* TASK DESCRIPTION
Which lines of the entries contain the word "Material"? Please list them.

* * * *

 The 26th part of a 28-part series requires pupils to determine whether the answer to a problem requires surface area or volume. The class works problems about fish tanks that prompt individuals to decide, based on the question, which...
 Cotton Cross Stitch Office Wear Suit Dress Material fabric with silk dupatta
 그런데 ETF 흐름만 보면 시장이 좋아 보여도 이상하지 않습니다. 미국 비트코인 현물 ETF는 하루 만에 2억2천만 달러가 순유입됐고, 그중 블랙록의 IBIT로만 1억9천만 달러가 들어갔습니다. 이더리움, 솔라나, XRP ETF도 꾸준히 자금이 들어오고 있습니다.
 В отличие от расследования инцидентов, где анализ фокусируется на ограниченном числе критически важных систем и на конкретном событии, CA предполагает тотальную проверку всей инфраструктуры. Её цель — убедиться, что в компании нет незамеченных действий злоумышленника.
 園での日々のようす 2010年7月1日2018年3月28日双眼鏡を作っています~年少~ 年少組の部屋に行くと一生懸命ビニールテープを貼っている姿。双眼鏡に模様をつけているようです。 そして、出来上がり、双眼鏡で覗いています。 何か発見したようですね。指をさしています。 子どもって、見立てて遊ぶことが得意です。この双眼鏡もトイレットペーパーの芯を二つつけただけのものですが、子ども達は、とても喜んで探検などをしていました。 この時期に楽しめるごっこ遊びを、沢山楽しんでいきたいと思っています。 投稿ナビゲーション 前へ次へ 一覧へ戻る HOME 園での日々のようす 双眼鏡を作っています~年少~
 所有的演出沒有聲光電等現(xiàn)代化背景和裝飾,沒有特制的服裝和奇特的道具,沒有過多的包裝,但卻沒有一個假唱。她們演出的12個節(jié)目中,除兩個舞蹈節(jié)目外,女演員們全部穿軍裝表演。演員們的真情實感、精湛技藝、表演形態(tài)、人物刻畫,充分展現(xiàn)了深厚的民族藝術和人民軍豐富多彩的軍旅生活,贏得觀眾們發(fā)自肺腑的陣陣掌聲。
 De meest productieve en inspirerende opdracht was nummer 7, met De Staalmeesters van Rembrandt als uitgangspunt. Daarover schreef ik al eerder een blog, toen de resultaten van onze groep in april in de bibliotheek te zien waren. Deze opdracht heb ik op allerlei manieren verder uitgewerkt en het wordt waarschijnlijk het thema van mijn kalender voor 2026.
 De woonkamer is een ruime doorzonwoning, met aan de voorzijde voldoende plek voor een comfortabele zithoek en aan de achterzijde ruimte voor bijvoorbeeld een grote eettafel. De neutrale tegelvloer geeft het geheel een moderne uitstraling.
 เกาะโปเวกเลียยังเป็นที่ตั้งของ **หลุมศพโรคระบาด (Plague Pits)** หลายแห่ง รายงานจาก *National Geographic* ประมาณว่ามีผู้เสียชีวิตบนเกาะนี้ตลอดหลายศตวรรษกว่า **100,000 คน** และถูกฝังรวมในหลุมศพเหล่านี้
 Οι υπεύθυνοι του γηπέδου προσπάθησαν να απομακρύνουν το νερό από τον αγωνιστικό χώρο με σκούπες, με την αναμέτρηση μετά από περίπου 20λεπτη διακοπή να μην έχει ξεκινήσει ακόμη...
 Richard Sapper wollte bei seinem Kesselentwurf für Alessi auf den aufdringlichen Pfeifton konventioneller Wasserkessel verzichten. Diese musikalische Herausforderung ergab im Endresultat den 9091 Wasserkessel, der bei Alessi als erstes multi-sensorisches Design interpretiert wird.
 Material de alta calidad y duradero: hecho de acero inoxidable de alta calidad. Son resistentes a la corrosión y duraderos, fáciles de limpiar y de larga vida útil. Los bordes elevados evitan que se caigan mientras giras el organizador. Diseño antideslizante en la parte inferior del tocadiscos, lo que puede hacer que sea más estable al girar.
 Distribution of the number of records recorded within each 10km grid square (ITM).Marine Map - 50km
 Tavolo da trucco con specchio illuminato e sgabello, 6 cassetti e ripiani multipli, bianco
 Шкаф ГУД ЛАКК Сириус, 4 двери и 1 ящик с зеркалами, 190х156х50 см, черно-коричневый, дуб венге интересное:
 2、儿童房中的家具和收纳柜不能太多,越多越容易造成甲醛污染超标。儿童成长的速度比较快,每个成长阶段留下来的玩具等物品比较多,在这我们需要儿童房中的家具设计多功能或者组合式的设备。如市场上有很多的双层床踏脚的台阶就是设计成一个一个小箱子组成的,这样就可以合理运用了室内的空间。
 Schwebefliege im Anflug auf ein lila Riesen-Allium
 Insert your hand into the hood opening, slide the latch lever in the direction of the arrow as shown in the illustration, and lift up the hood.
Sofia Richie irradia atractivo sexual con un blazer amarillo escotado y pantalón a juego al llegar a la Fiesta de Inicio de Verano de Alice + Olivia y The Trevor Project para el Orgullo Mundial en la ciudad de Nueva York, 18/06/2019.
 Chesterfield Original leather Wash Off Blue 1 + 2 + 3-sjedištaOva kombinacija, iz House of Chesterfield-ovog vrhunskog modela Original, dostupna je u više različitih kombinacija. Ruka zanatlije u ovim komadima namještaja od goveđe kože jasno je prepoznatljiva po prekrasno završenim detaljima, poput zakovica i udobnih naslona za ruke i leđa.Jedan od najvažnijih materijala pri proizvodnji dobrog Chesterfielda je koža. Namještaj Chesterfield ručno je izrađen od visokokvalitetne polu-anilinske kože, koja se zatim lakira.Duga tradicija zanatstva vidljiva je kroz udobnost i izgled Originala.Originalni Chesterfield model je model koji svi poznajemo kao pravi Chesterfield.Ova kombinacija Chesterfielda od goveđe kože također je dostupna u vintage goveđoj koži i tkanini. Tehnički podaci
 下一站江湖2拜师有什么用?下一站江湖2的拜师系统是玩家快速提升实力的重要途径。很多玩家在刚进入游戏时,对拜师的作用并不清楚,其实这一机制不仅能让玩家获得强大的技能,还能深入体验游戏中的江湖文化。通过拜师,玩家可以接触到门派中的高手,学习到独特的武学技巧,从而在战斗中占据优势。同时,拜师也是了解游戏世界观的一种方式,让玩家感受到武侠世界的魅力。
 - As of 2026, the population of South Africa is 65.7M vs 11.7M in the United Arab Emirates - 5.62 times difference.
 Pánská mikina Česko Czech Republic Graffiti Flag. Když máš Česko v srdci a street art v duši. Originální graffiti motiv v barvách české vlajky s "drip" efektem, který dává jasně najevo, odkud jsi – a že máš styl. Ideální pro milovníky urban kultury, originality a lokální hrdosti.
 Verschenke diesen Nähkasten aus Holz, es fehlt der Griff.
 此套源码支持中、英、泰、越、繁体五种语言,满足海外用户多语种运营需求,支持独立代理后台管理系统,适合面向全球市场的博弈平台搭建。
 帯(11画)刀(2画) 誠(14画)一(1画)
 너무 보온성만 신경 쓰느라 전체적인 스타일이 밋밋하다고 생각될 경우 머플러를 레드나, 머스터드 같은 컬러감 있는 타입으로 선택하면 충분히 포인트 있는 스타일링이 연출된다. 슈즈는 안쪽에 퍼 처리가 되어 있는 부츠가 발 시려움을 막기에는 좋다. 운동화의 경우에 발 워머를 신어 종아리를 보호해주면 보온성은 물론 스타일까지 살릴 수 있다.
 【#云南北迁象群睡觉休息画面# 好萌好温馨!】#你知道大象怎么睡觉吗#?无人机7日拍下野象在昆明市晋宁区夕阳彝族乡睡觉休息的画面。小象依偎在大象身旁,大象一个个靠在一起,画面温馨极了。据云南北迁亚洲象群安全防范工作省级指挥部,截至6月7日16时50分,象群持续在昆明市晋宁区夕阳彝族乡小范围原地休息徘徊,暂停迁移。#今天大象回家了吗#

* * * *

* RESULT FOR THIS EXERCISE
 Cotton Cross Stitch Office Wear Suit Dress Material fabric with silk dupatta
 Material de alta calidad y duradero: hecho de acero inoxidable de alta calidad. Son resistentes a la corrosión y duraderos, fáciles de limpiar y de larga vida útil. Los bordes elevados evitan que se caigan mientras giras el organizador. Diseño antideslizante en la parte inferior del tocadiscos, lo que puede hacer que sea más estable al girar.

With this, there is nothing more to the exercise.